Relationship between the genetic and physical position of ‘Adafuel’ SNP markers within each pseudomolecule (chromosomes). For P. persica Pp_Lovell_JGI_V2 (A), pseudomolecules are referred to as Pp01 to Pp08, while in P. persica Pp_Lovell_JGI_V1 (B), they are labeled as scaffold_1 to scaffold_8. SNP markers were plotted according to their physical position on the peach genome reference (x-axis), and their genetic position was retrieved from the ‘Adafuel’ linkage map (y-axis). Vertical bars indicate the putative position of the centromeres, and R values correspond to the ‘Pearson’ correlation.

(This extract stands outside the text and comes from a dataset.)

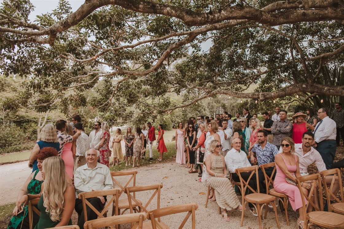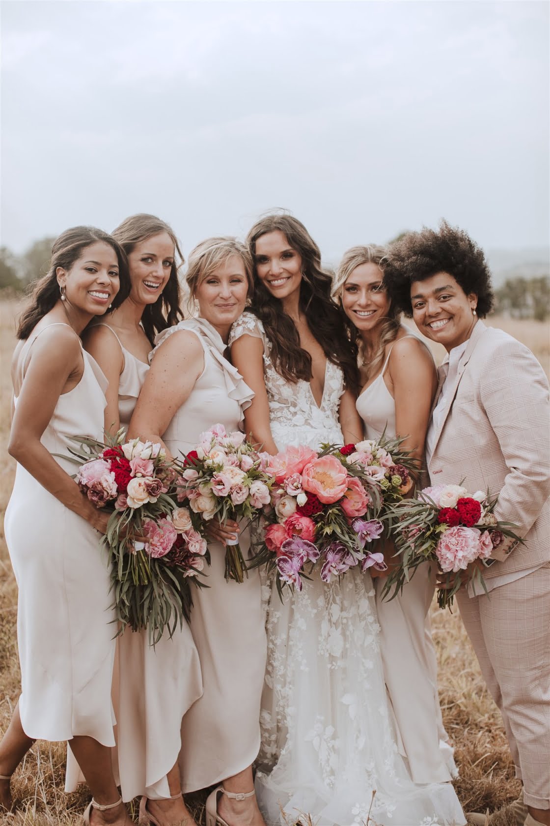 THE VIBE “We wanted to keep the theme true to Byron Bay using bohemian accents and highlighting natural materials like timber, linens, and cane to blend in with the natural surroundings. We used pops of colours throughout our floral arrangements to make a statement in our ceremony and reception setting and told all of our guests to wear colour or loud printed shirts.”
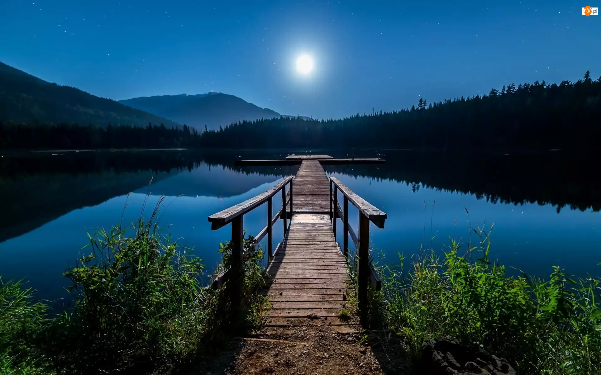 Kanada, Lost Lake, Kolumbia Brytyjska, Księżyc, Whistler, Góry, Pomost, Jezioro, Noc

Highlighting protein alignment as a new key feature

PrunusMap extends BarleyMap by introducing a novel feature for protein sequence alignment. Indeed, the novel ‘Align_proteins’ tool drives protein-to-genome alignments. To benchmark ‘Align_proteins’, stringent criteria (identity ≥98% and coverage ≥95%) were employed to align complete protein sequences along with short peptides of 50 and 100 bp, against their respective reference genomes. Remarkably, this tool demonstrated high reliability, successfully aligning over 85% of protein queries (Fig. S4). We further assessed cross-species protein mapping. Here, we attempted to map protein sequences from a single species (e.g. peach cv. Lovell_NCBI_V2) against all reference genomes within PrunusMap (Fig. 4). This approach allows researchers to leverage well-annotated proteins for functional insights in species with limited annotations.

Cross-species protein mapping in PrunusMap. Protein sequences from peach cultivar Lovell (NCBI_V2) were mapped against reference genomes (maps) (x-axis) within PrunusMap. The y-axis represents the number of protein sequences with high-fidelity alignments.

Examining the insights provided by PrunusMap

The ‘Find markers’ tool successfully mapped 10 out of 11 user-provided markers linked to peach bacterial spot resistance to Pp_Lovell_JGI_V2 (Fig. 5). The unmapped marker (SNP_IGA_46754) failed to meet minimum alignment quality thresholds. Mapped markers reside on chromosomes Pp01 and Pp06, flanking genes annotated with disease resistance protein domains (LRR and NB-ARC) (Prupe.1G165300, Prupe.6G243700, and Prupe.6G243800). These genes are known as major disease-resistance genes in plants and have been reported to be involved in pathogen recognition and innate immune responses in peach [16].

Illustration of PrunusMap functionalities. Genes marked with an asterisk correspond to nearby genes identified through the ‘Find marker’ tool.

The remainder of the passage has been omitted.